> Work required: With the pictures left out, repeat every entry that follows exactly.

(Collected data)
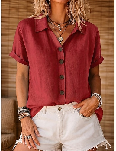 Per donna Camicia Camicie di cotone e lino Blusa Tinta unica Essenziale Casual Manica Corta Bavero Top Regolari Casuale Quotidiano Blu Bianco Rosa Rosso Verde Estate Primavera
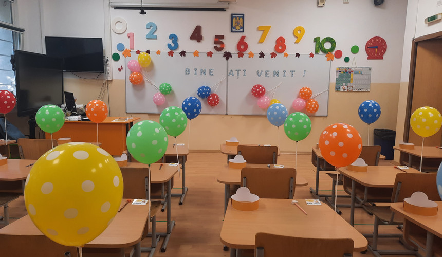 So I ordered expanded polystyrene letters - only the first three letters of the alphabet, but of the largest size (50 cm high). I had to paint them myself, so I bought tubes of acrylics and brushes of different thicknesses from Hornbach – in total, I spent a little over 200 RON. I applied two coats of color, using as little water as possible. Be careful what you wear, because inevitably some color will end up on your clothes. And no, it doesn't come out in the washing machine - I ruined a dress for good. From the same website I also ordered numbers from expanded polystyrene, from 0 to 10 (30 cm high). In total, they cost me about 250 RON, plus shipping. I painted them too, with the same acrylic colors. Although I bought 120 ml tubes in several colors (red, yellow, orange, blue, green, brown, white and black) know that I barely got enough for these few items. The styrofoam was porous and although I used very little water, two coats were required, as I said. I placed the styrofoam letters at the back of the classroom and the styrofoam numbers at the front. An idea that I, however, did not have time for, would be to attach colored leaves or maybe even paper bees to the letters, using pins.
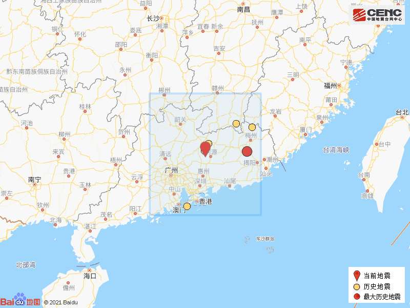 这不是该地第一次发生地震。根据中国地震台网速报目录,震中周边200公里内近5年来发生3级以上地震共9次,最大地震分别是2021年4月2日在广东河源市东源县发生的3.7级地震(距离本次震中0公里)和2020年1月20日在广东梅州市兴宁市发生的3.7级地震(距离本次震中154公里)。
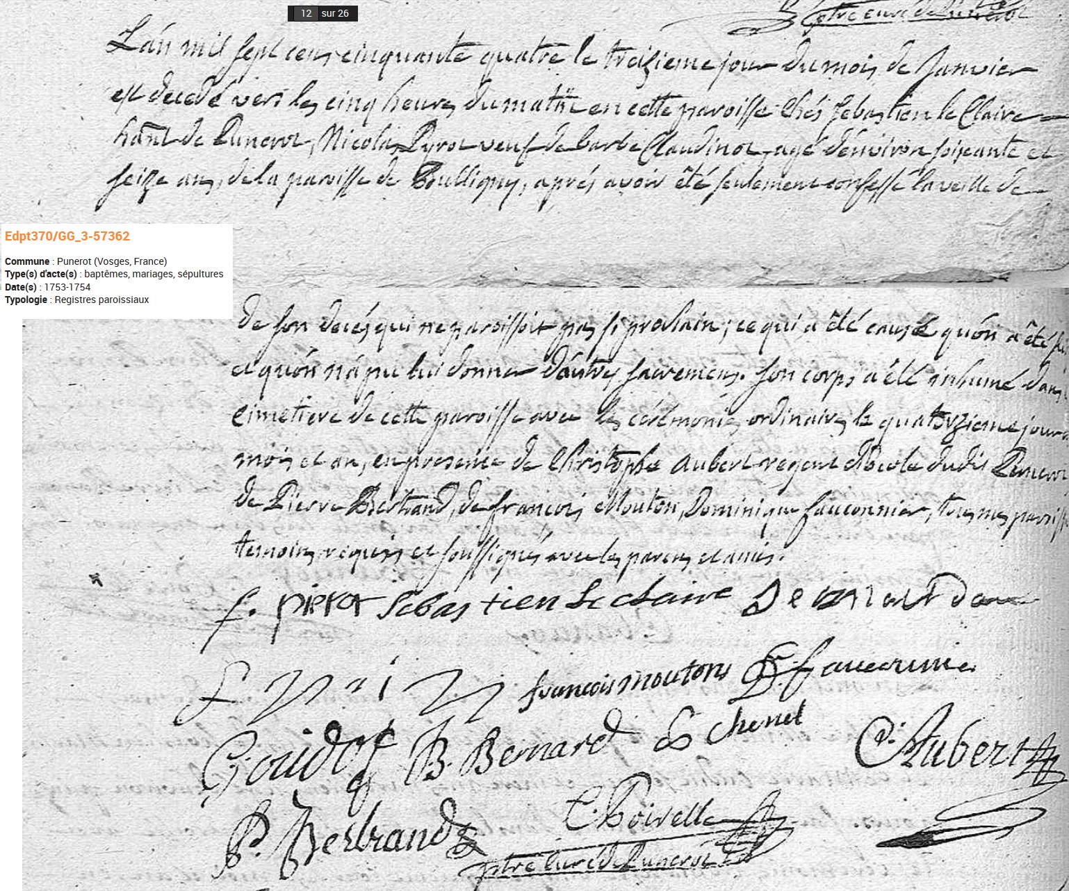 décédé le 13 janvier 1754 à Punerot - Vosges (88) à l'âge de 76 ans environ
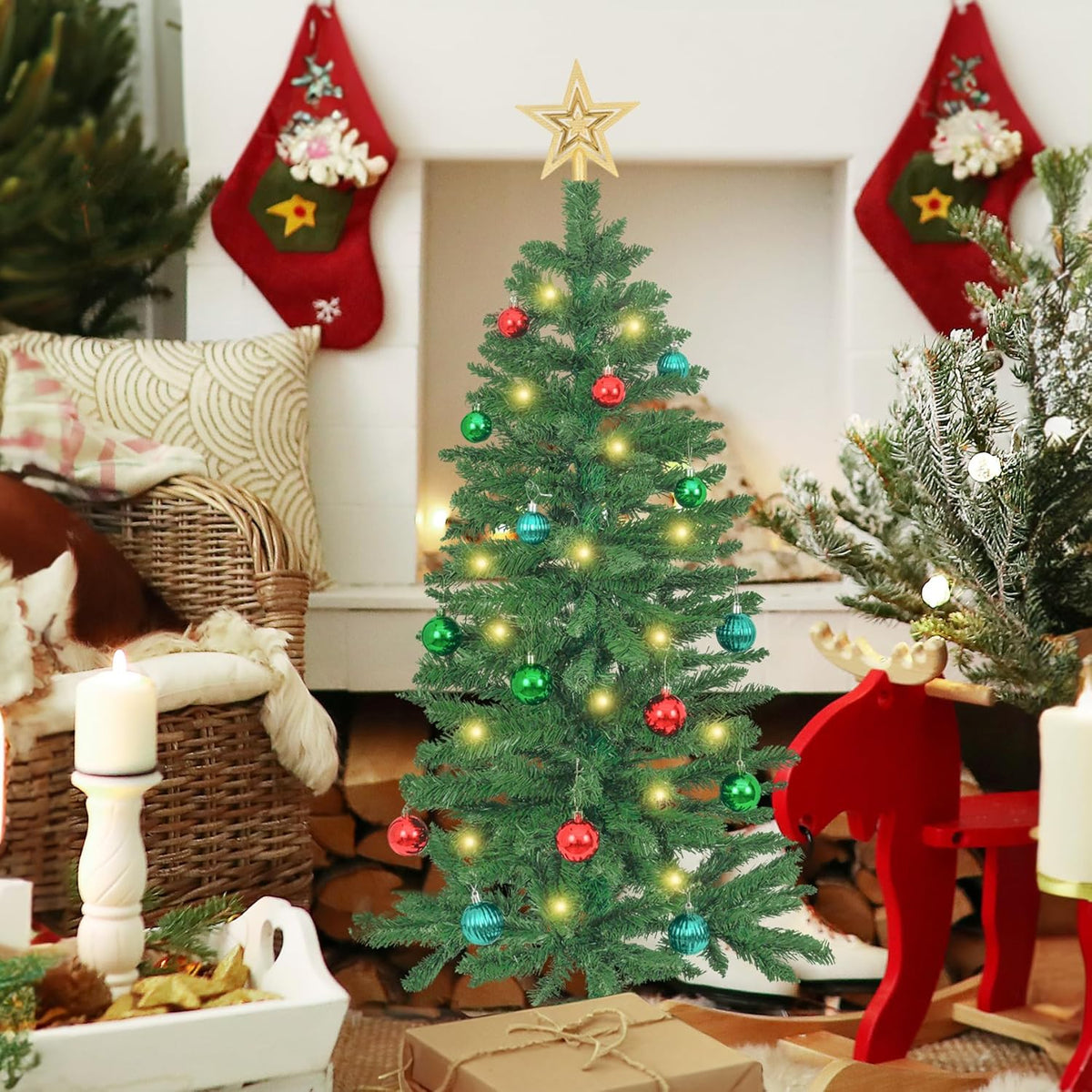 With Ornaments: This 3ft Christmas tree is perfect for adding a special touch to your Christmas decorations. Complete with Christmas balls and stars, this Christmas tree will make your Christmas stand out
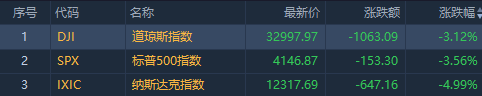 标普500指数创下上周五以来最大单日跌幅,11个主要行业板块全线下挫,跌幅至少达到1%。信息技术、非必需消费品和通信服务板块领跌。纳斯达克100指数则创出2020年9月以来最大跌幅,追踪蓝筹股的道琼斯工业平均指数下跌3.1%。
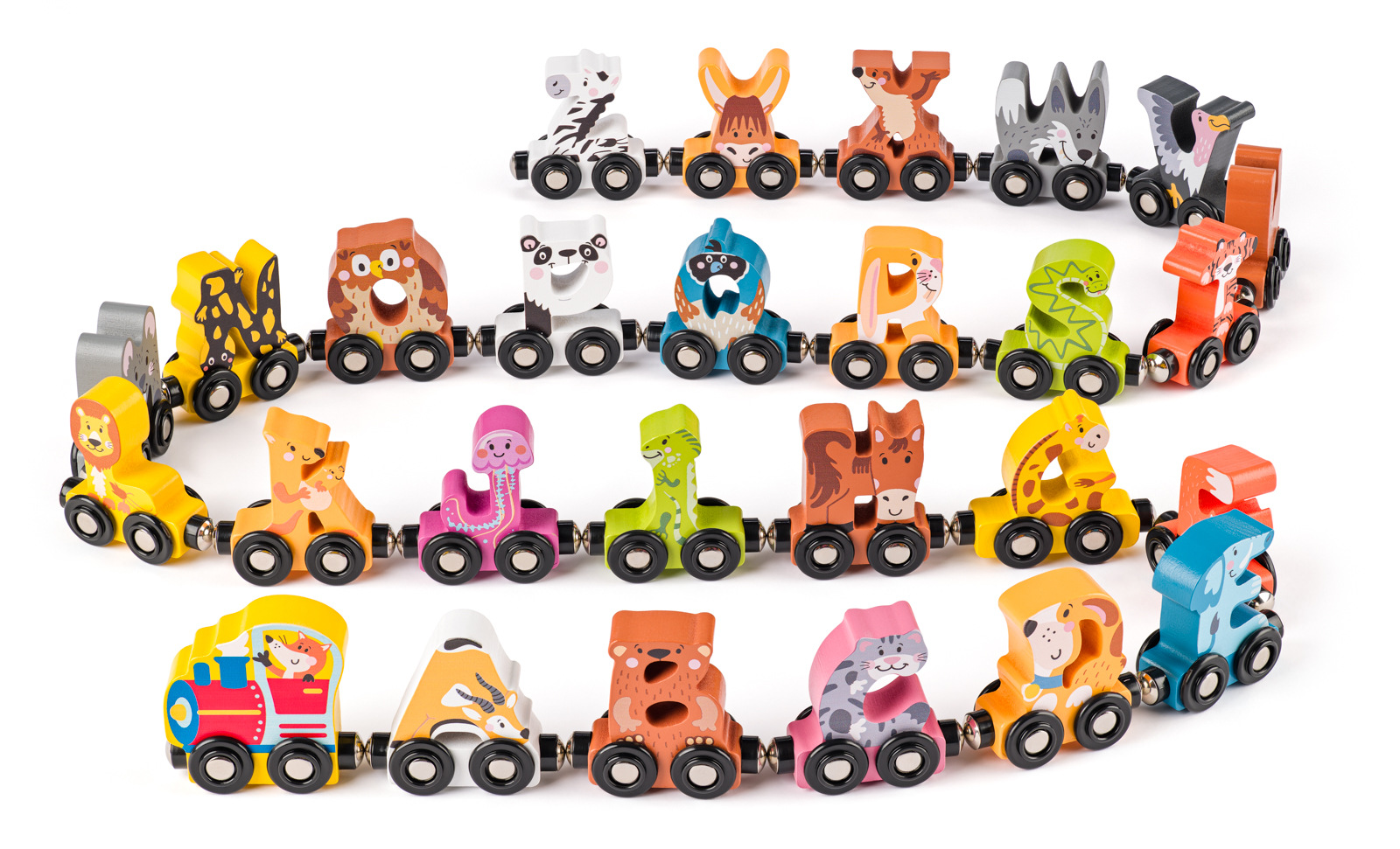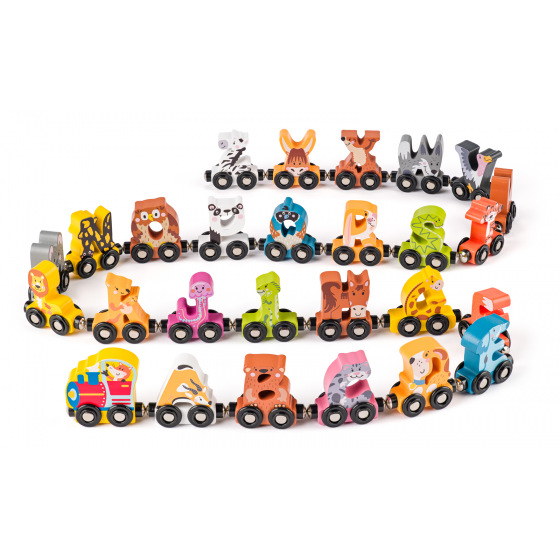 Tento barevný dřevěný vláček s abecedou potěší všechny malé objevitele písmenek i zvířat. Sada obsahuje 27 dílů – lokomotivu a vagonky ve tvaru písmen, které jsou spojeny klasickými magnety. Každé písmeno má podobu zvířátka a na druhé straně jeho anglický název, takže si děti při hře nenápadně osvojují základy angličtiny. Děti si navíc mohou hravě skládat jednotlivá písmena do slov, rozvíjet tak svou kreativitu a učit se číst. Abeceda je krásně barevná, hravá a originální – její jedinečný design pochází od české autorky. Ideální hračka pro rozvoj fantazie, jemné motoriky i jazykových dovedností. Rozměry jednoho vagonku cca: 6,3 x 6,5 x 2,5 cm. Celková délka vláčku: 179 cm. Rozměry balení: 32 x 47 x 37,5 cm. Věk: 3+
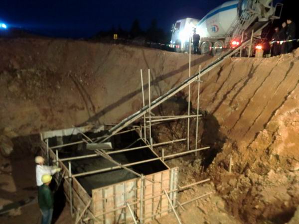 在澆筑過程中,項目部合理安排、精心組織,澆筑作業(yè)人員輪流就餐,堅守崗位。當(dāng)日晚9時許,近5個小時的澆筑工作順利結(jié)束,這標(biāo)志著我標(biāo)段鋼筋砼蓋板通道第一次澆筑作業(yè)圓滿結(jié)束。

> Problem solution:
 Per donna Camicia Camicie di cotone e lino Blusa Tinta unica Essenziale Casual Manica Corta Bavero Top Regolari Casuale Quotidiano Blu Bianco Rosa Rosso Verde Estate Primavera
 So I ordered expanded polystyrene letters - only the first three letters of the alphabet, but of the largest size (50 cm high). I had to paint them myself, so I bought tubes of acrylics and brushes of different thicknesses from Hornbach – in total, I spent a little over 200 RON. I applied two coats of color, using as little water as possible. Be careful what you wear, because inevitably some color will end up on your clothes. And no, it doesn't come out in the washing machine - I ruined a dress for good. From the same website I also ordered numbers from expanded polystyrene, from 0 to 10 (30 cm high). In total, they cost me about 250 RON, plus shipping. I painted them too, with the same acrylic colors. Although I bought 120 ml tubes in several colors (red, yellow, orange, blue, green, brown, white and black) know that I barely got enough for these few items. The styrofoam was porous and although I used very little water, two coats were required, as I said. I placed the styrofoam letters at the back of the classroom and the styrofoam numbers at the front. An idea that I, however, did not have time for, would be to attach colored leaves or maybe even paper bees to the letters, using pins.
 这不是该地第一次发生地震。根据中国地震台网速报目录,震中周边200公里内近5年来发生3级以上地震共9次,最大地震分别是2021年4月2日在广东河源市东源县发生的3.7级地震(距离本次震中0公里)和2020年1月20日在广东梅州市兴宁市发生的3.7级地震(距离本次震中154公里)。
 décédé le 13 janvier 1754 à Punerot - Vosges (88) à l'âge de 76 ans environ
 With Ornaments: This 3ft Christmas tree is perfect for adding a special touch to your Christmas decorations. Complete with Christmas balls and stars, this Christmas tree will make your Christmas stand out
 标普500指数创下上周五以来最大单日跌幅,11个主要行业板块全线下挫,跌幅至少达到1%。信息技术、非必需消费品和通信服务板块领跌。纳斯达克100指数则创出2020年9月以来最大跌幅,追踪蓝筹股的道琼斯工业平均指数下跌3.1%。
 Tento barevný dřevěný vláček s abecedou potěší všechny malé objevitele písmenek i zvířat. Sada obsahuje 27 dílů – lokomotivu a vagonky ve tvaru písmen, které jsou spojeny klasickými magnety. Každé písmeno má podobu zvířátka a na druhé straně jeho anglický název, takže si děti při hře nenápadně osvojují základy angličtiny. Děti si navíc mohou hravě skládat jednotlivá písmena do slov, rozvíjet tak svou kreativitu a učit se číst. Abeceda je krásně barevná, hravá a originální – její jedinečný design pochází od české autorky. Ideální hračka pro rozvoj fantazie, jemné motoriky i jazykových dovedností. Rozměry jednoho vagonku cca: 6,3 x 6,5 x 2,5 cm. Celková délka vláčku: 179 cm. Rozměry balení: 32 x 47 x 37,5 cm. Věk: 3+
 在澆筑過程中,項目部合理安排、精心組織,澆筑作業(yè)人員輪流就餐,堅守崗位。當(dāng)日晚9時許,近5個小時的澆筑工作順利結(jié)束,這標(biāo)志著我標(biāo)段鋼筋砼蓋板通道第一次澆筑作業(yè)圓滿結(jié)束。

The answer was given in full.